Segment Open
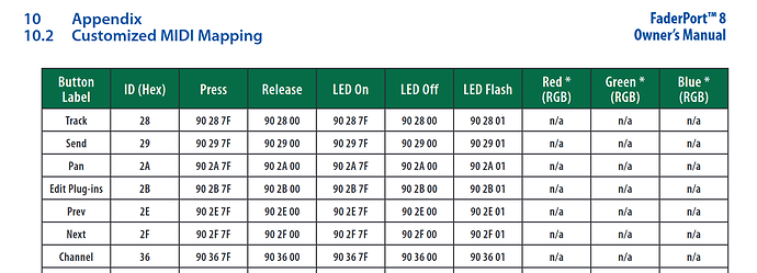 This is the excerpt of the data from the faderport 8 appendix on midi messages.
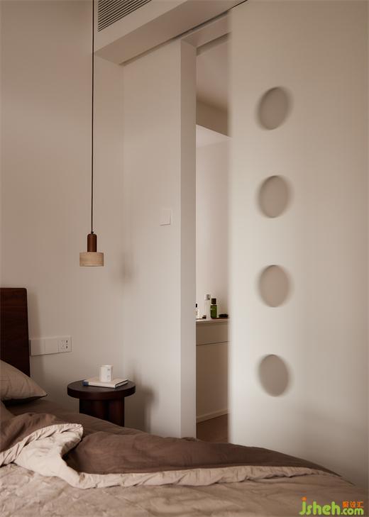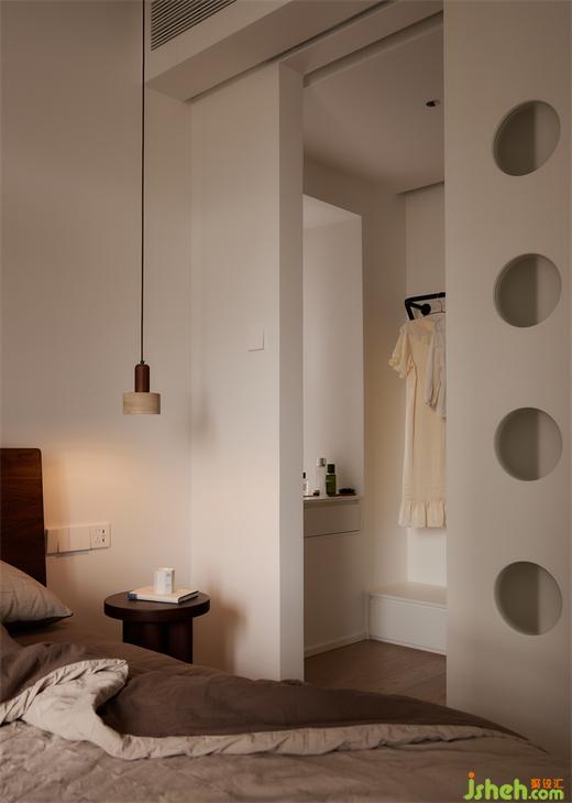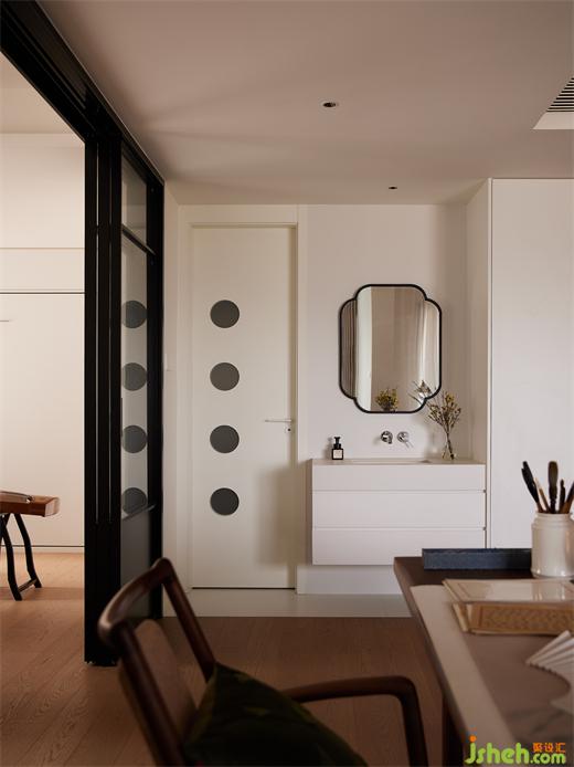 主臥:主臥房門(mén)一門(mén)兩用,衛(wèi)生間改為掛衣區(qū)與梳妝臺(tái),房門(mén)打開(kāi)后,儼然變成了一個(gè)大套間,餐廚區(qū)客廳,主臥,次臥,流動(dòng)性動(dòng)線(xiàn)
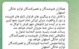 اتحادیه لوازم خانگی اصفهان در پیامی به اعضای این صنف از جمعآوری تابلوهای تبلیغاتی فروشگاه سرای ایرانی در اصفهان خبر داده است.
Segment Closed
Please return the listing above exactly and leave every picture out.

 This is the excerpt of the data from the faderport 8 appendix on midi messages.
 主臥:主臥房門(mén)一門(mén)兩用,衛(wèi)生間改為掛衣區(qū)與梳妝臺(tái),房門(mén)打開(kāi)后,儼然變成了一個(gè)大套間,餐廚區(qū)客廳,主臥,次臥,流動(dòng)性動(dòng)線(xiàn)
 اتحادیه لوازم خانگی اصفهان در پیامی به اعضای این صنف از جمعآوری تابلوهای تبلیغاتی فروشگاه سرای ایرانی در اصفهان خبر داده است.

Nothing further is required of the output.